**Saved entries:**
____________
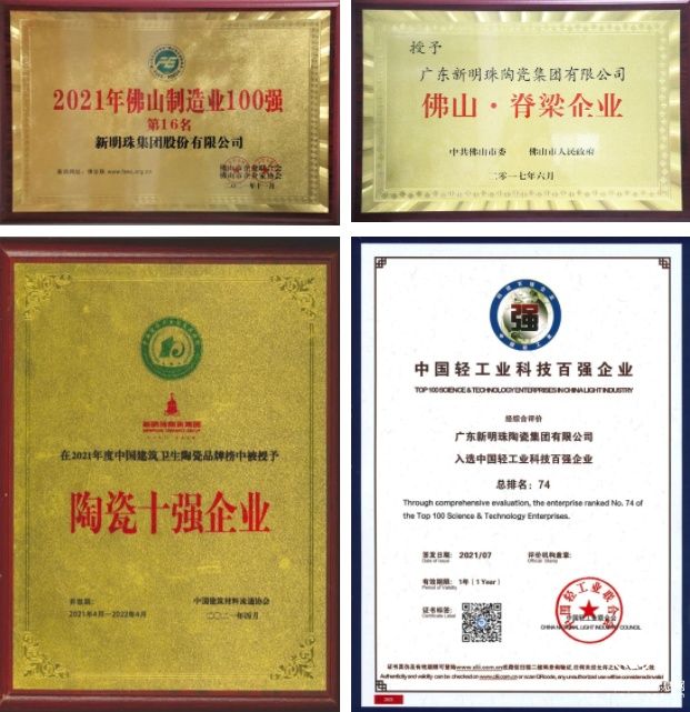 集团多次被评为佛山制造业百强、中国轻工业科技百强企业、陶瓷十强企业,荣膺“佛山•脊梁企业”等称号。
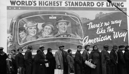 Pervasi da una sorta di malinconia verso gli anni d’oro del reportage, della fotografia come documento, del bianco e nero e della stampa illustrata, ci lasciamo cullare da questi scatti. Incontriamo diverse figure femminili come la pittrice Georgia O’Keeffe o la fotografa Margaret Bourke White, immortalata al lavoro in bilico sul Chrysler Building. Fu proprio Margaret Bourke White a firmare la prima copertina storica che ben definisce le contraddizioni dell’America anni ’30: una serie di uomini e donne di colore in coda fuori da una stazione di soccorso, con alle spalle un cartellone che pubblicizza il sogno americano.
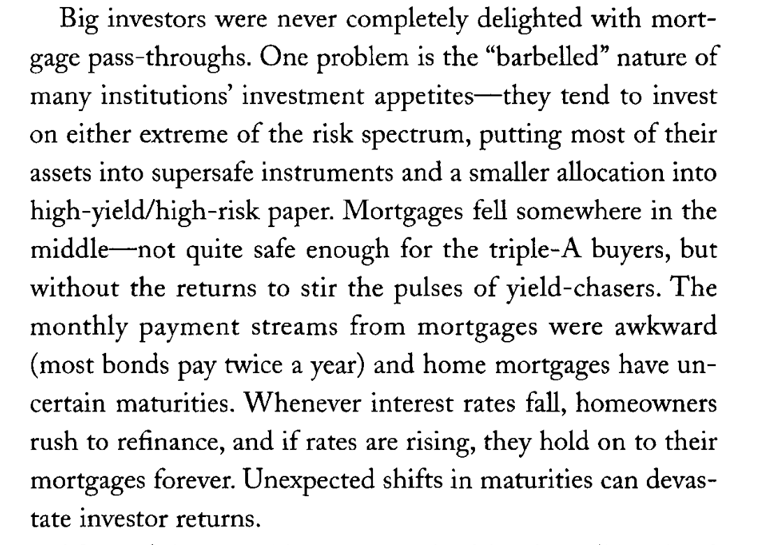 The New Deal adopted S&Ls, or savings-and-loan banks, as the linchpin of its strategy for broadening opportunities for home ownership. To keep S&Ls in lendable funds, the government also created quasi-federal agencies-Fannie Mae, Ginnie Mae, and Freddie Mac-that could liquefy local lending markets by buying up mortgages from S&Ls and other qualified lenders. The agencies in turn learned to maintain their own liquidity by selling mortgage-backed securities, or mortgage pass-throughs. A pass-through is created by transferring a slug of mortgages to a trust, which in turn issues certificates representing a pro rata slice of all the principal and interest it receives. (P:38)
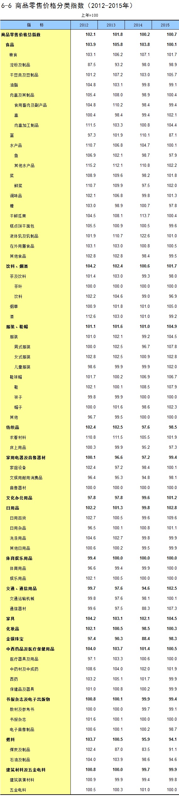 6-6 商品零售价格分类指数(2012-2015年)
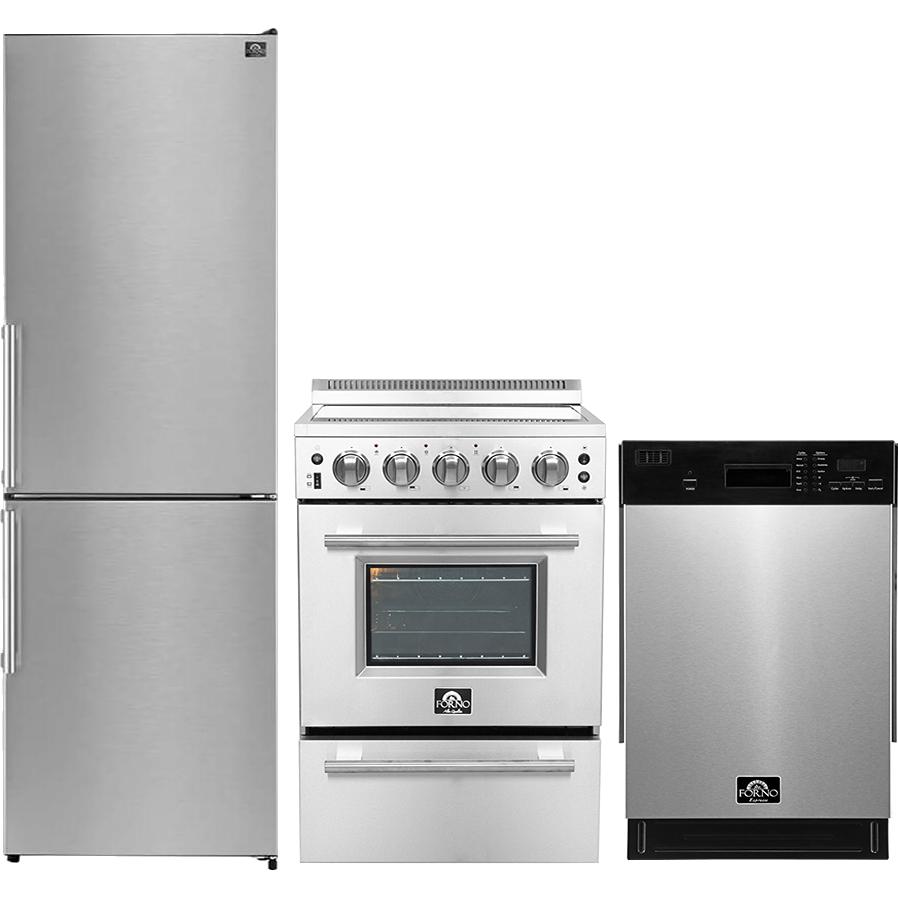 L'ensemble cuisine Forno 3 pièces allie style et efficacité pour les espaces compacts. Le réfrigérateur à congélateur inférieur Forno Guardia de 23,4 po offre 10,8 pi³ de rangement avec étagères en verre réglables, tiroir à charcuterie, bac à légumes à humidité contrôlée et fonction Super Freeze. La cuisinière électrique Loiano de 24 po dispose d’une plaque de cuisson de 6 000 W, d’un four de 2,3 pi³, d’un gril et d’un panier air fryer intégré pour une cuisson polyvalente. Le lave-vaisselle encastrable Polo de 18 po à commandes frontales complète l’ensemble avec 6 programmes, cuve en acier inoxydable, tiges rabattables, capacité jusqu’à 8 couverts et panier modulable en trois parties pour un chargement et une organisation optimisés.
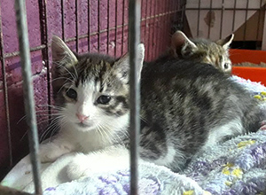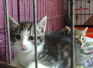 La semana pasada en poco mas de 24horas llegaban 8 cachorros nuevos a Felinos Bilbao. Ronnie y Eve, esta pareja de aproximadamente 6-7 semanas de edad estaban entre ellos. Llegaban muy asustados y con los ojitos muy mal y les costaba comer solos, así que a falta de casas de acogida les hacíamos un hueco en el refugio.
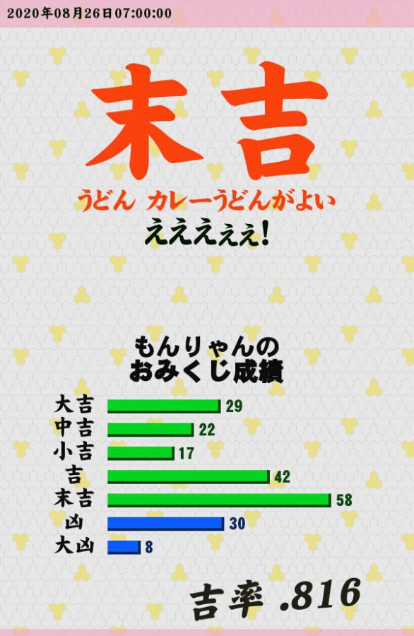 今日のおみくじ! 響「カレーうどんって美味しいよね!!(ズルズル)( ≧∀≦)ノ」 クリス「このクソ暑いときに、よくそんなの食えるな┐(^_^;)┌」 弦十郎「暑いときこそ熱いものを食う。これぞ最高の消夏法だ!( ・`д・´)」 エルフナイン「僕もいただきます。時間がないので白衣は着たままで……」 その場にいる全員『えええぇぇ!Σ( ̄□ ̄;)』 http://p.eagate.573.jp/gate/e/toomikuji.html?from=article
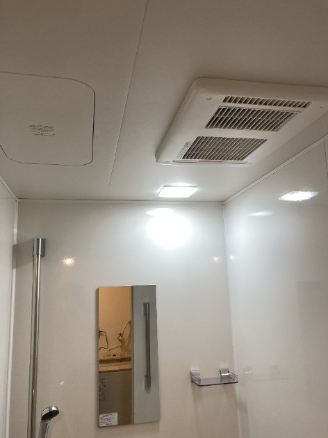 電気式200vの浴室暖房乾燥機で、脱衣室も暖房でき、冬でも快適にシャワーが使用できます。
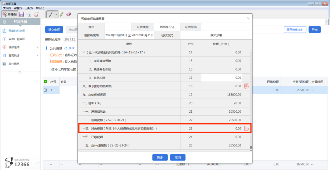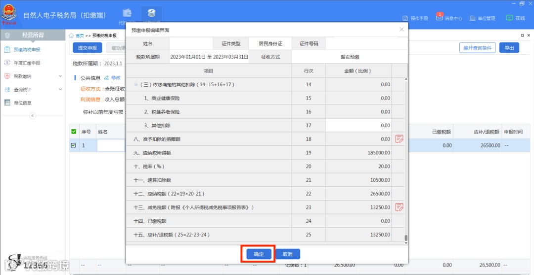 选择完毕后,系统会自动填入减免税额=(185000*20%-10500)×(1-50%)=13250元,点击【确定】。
____________
**YOUR OBJECTIVE:** In the entries above, find the line with "6-6 商品零售价格分类指数(2012-2015年)" and the line with "今日のおみくじ! 響「カレーうどんって美味しいよね!!(ズルズル)( ≧∀≦)ノ」". Write out exactly those two lines and every line between them, pictures excluded.

**TASK OUTPUT:**
 6-6 商品零售价格分类指数(2012-2015年)
 L'ensemble cuisine Forno 3 pièces allie style et efficacité pour les espaces compacts. Le réfrigérateur à congélateur inférieur Forno Guardia de 23,4 po offre 10,8 pi³ de rangement avec étagères en verre réglables, tiroir à charcuterie, bac à légumes à humidité contrôlée et fonction Super Freeze. La cuisinière électrique Loiano de 24 po dispose d’une plaque de cuisson de 6 000 W, d’un four de 2,3 pi³, d’un gril et d’un panier air fryer intégré pour une cuisson polyvalente. Le lave-vaisselle encastrable Polo de 18 po à commandes frontales complète l’ensemble avec 6 programmes, cuve en acier inoxydable, tiges rabattables, capacité jusqu’à 8 couverts et panier modulable en trois parties pour un chargement et une organisation optimisés.
 La semana pasada en poco mas de 24horas llegaban 8 cachorros nuevos a Felinos Bilbao. Ronnie y Eve, esta pareja de aproximadamente 6-7 semanas de edad estaban entre ellos. Llegaban muy asustados y con los ojitos muy mal y les costaba comer solos, así que a falta de casas de acogida les hacíamos un hueco en el refugio.
 今日のおみくじ! 響「カレーうどんって美味しいよね!!(ズルズル)( ≧∀≦)ノ」 クリス「このクソ暑いときに、よくそんなの食えるな┐(^_^;)┌」 弦十郎「暑いときこそ熱いものを食う。これぞ最高の消夏法だ!( ・`д・´)」 エルフナイン「僕もいただきます。時間がないので白衣は着たままで……」 その場にいる全員『えええぇぇ!Σ( ̄□ ̄;)』 http://p.eagate.573.jp/gate/e/toomikuji.html?from=article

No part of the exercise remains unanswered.